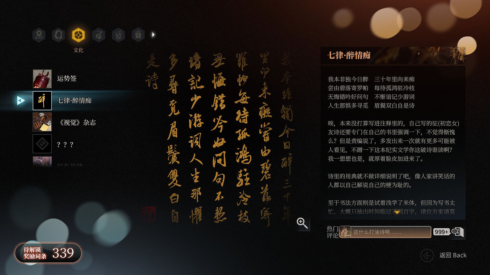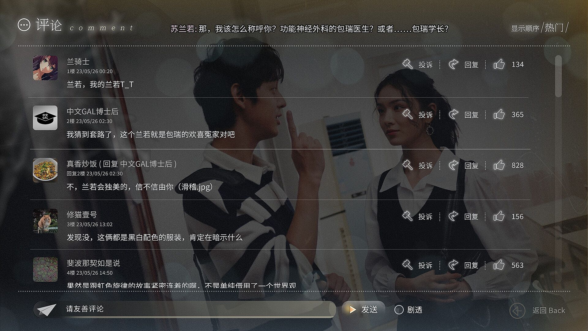 除此之外,本作还装载了弹幕/评论系统,无论是针对每句台词,还是角色、词条,都可以留言讨论,希望这样的系统可以让阅读这个故事的乐趣倍增。
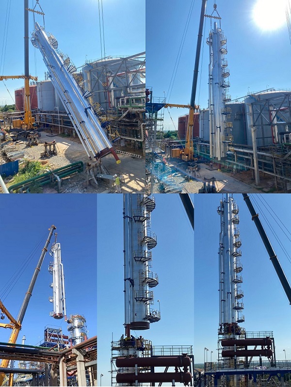 陣陣轟鳴聲中,汽提塔上段在兩臺500噸、160噸吊車的默契配合下緩緩升高,直至完全吊離鞍座。15時48分,汽提塔上段豎立,溜索摘除,由主吊車穩(wěn)步吊向汽提塔下段上方,對準(zhǔn)接口慢慢落下,工人師傅立即上前組對點(diǎn)口,16時12分點(diǎn)口完成。為爭取寶貴時間,項(xiàng)目部實(shí)行管理人員輪班制、班組夜間倒班制,通宵焊接作業(yè),于次日中午時分完成組對焊接。為保證組對質(zhì)量,剛焊接完的汽提塔上段還要被吊車“提拎著”靜置12小時以上。最終在8月7日7時48分,隨著主吊車緩緩摘鉤,安慶石化200噸/時污水汽提裝置項(xiàng)目重要節(jié)點(diǎn)——汽提塔上段空中組對完美收官,整個過程歷經(jīng)40個小時。
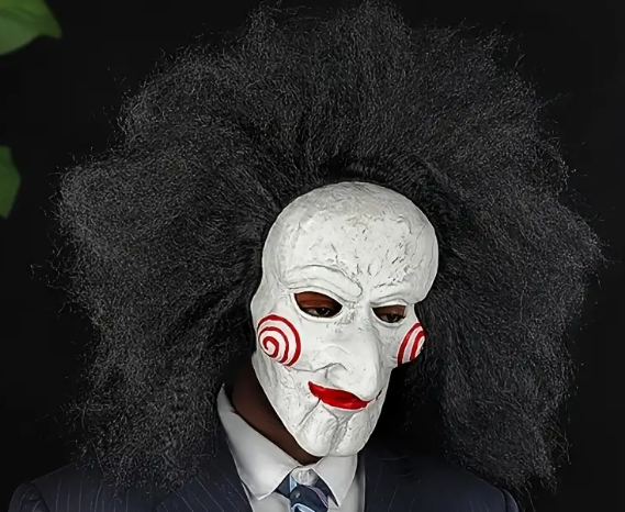 You are the puppet master so never let a puppet get the best of you. White/Grey "clown" mask with reg circular cheeks and black bushy hair.
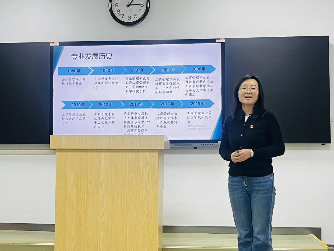 在“学涯导航”环节,商学院企业管理系教师党支部书记高楠为在场的国际教育学院师生带来了精彩的专业解读。高老师结合商学院的学科优势,深入浅出地介绍了企业管理系的专业设置、特色课程体系以及未来的就业导向。她不仅展示了商学院严谨的治学态度,也为留学生们未来的学业规划提供了清晰的指引和宝贵的建议。在随后的互动环节中,中外学生踊跃提问,现场气氛热烈,展现了不同文化背景下青年学子对知识的共同渴求。
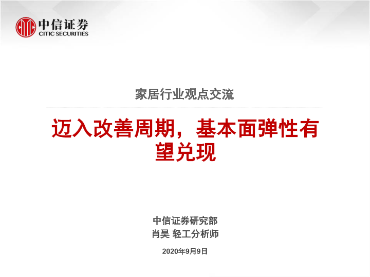 【中信证券】【20200909】20200909-中信证券-家居行业观点交流:迈入改善周期,基本面弹性有望兑现-12页
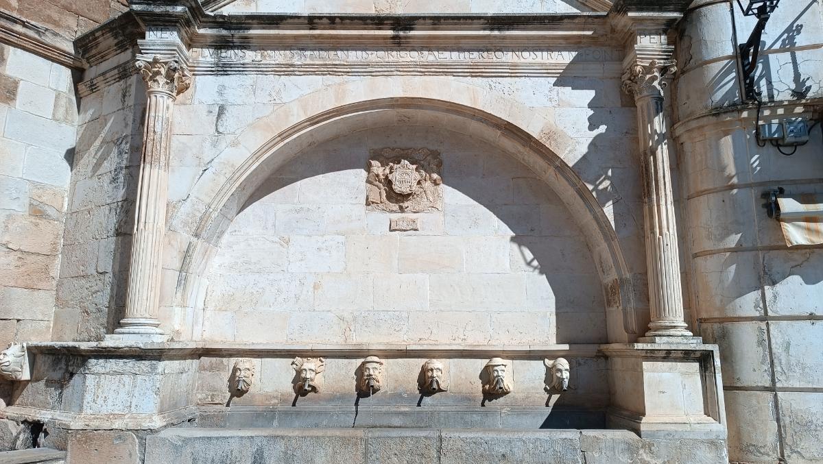 Fuente: situada en un extremo de la plaza, fue construida en el año 1567, y consta de seis fuentes constituidas por cabezas masculinas.
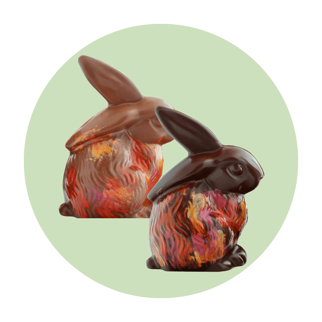 All of the chocolates from Vancouver’s GEM are made by hand and preservative-free with completely natural flavouring. The chocolate bunnies are available in milk or dark chocolate with an abstract painted design.
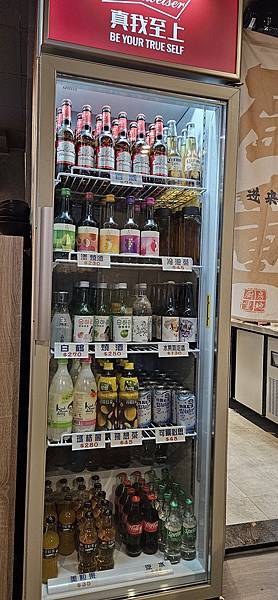 冰箱裡的酒類飲料自取, 另外掃QR CODE還有酒單可選其他酒類, 例如生啤, 柚子酒等
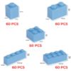 La scatola di un set di colori con mattoncini di diverse dimensioni e adatta per idee di costruzione creative. Il set contiene 300 mattoncini di dimensioni 1×1 (60 pezzi), 1×2 (60 pezzi), 1×4 (60 pezzi), 2×2 (60 pezzi) e 2×4 (60 pezzi). RAL colore: blu chiaro 5012
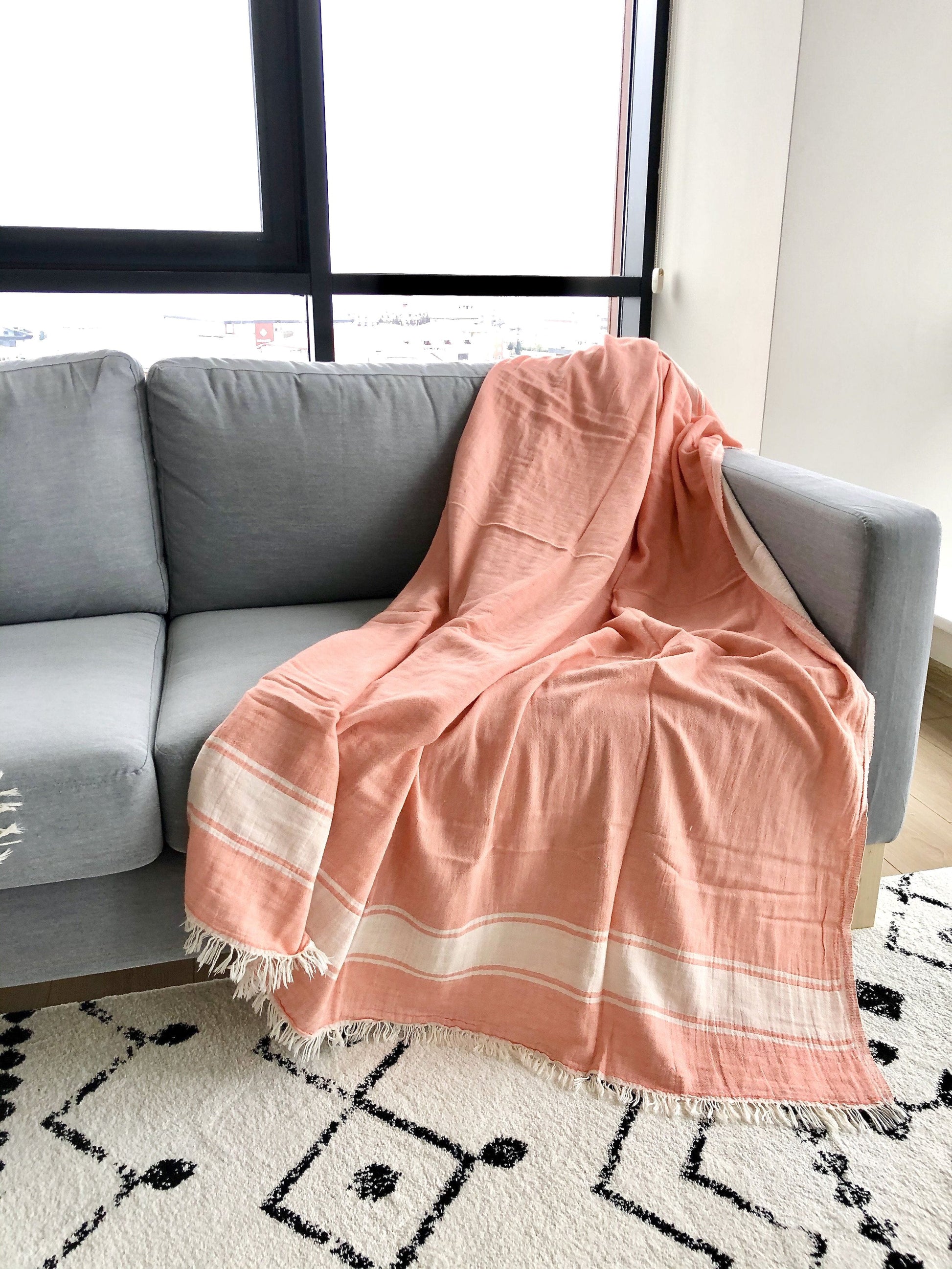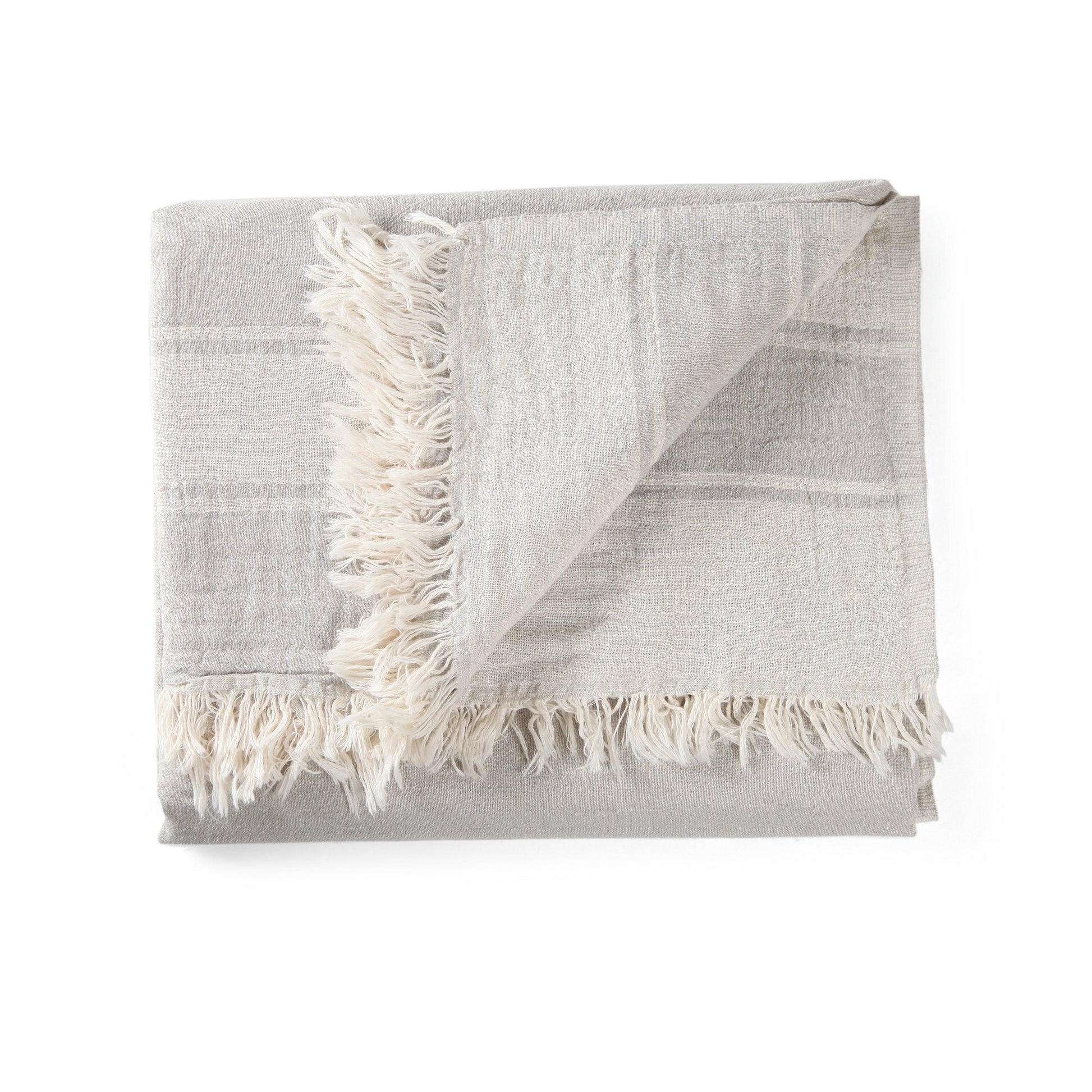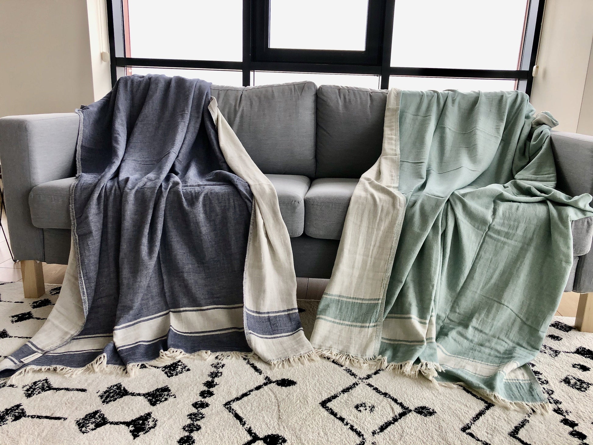 Expertly hand crafted from 2 ply gauze fabric woven from premium long-staple Turkish cotton, the Summer Throw is reversible with contrasting colors on each side. 2 ply gauze construction from 100% long-staple Turkish cotton Yarn died and garment washed for added softness Naturally soft texture and frayed edges add a relaxed appeal Super soft, breathable and luxurious Feels fresh and cool for summer yet substantial enough for winter Double-sided for added color options Perfect addition for your sofa, bed or baby's nursery OEKO-TEX® STANDARD 100 certified, IS025 168850 OETI Free of harmful chemicals and dyes – good for you and the environment Made in Turkey ______________________________________________ Materials: 100% Premium Turkish Cotton Size: 59"X72" Weight: 500g/17.6oz Care: Hand wash in cold water, hang to dry Handcrafted by Olive and Linen ______________________________________________

= = = =

[DESCRIPTION OF THE TASK] Could you output exactly the lines above, from the line with "You are the" up to and including the line with "La scatola di", and nothing else, skipping the pictures?

[RESPONSE TO THIS EXERCISE]
 You are the puppet master so never let a puppet get the best of you. White/Grey "clown" mask with reg circular cheeks and black bushy hair.
 在“学涯导航”环节,商学院企业管理系教师党支部书记高楠为在场的国际教育学院师生带来了精彩的专业解读。高老师结合商学院的学科优势,深入浅出地介绍了企业管理系的专业设置、特色课程体系以及未来的就业导向。她不仅展示了商学院严谨的治学态度,也为留学生们未来的学业规划提供了清晰的指引和宝贵的建议。在随后的互动环节中,中外学生踊跃提问,现场气氛热烈,展现了不同文化背景下青年学子对知识的共同渴求。
 【中信证券】【20200909】20200909-中信证券-家居行业观点交流:迈入改善周期,基本面弹性有望兑现-12页
 Fuente: situada en un extremo de la plaza, fue construida en el año 1567, y consta de seis fuentes constituidas por cabezas masculinas.
 All of the chocolates from Vancouver’s GEM are made by hand and preservative-free with completely natural flavouring. The chocolate bunnies are available in milk or dark chocolate with an abstract painted design.
 冰箱裡的酒類飲料自取, 另外掃QR CODE還有酒單可選其他酒類, 例如生啤, 柚子酒等
 La scatola di un set di colori con mattoncini di diverse dimensioni e adatta per idee di costruzione creative. Il set contiene 300 mattoncini di dimensioni 1×1 (60 pezzi), 1×2 (60 pezzi), 1×4 (60 pezzi), 2×2 (60 pezzi) e 2×4 (60 pezzi). RAL colore: blu chiaro 5012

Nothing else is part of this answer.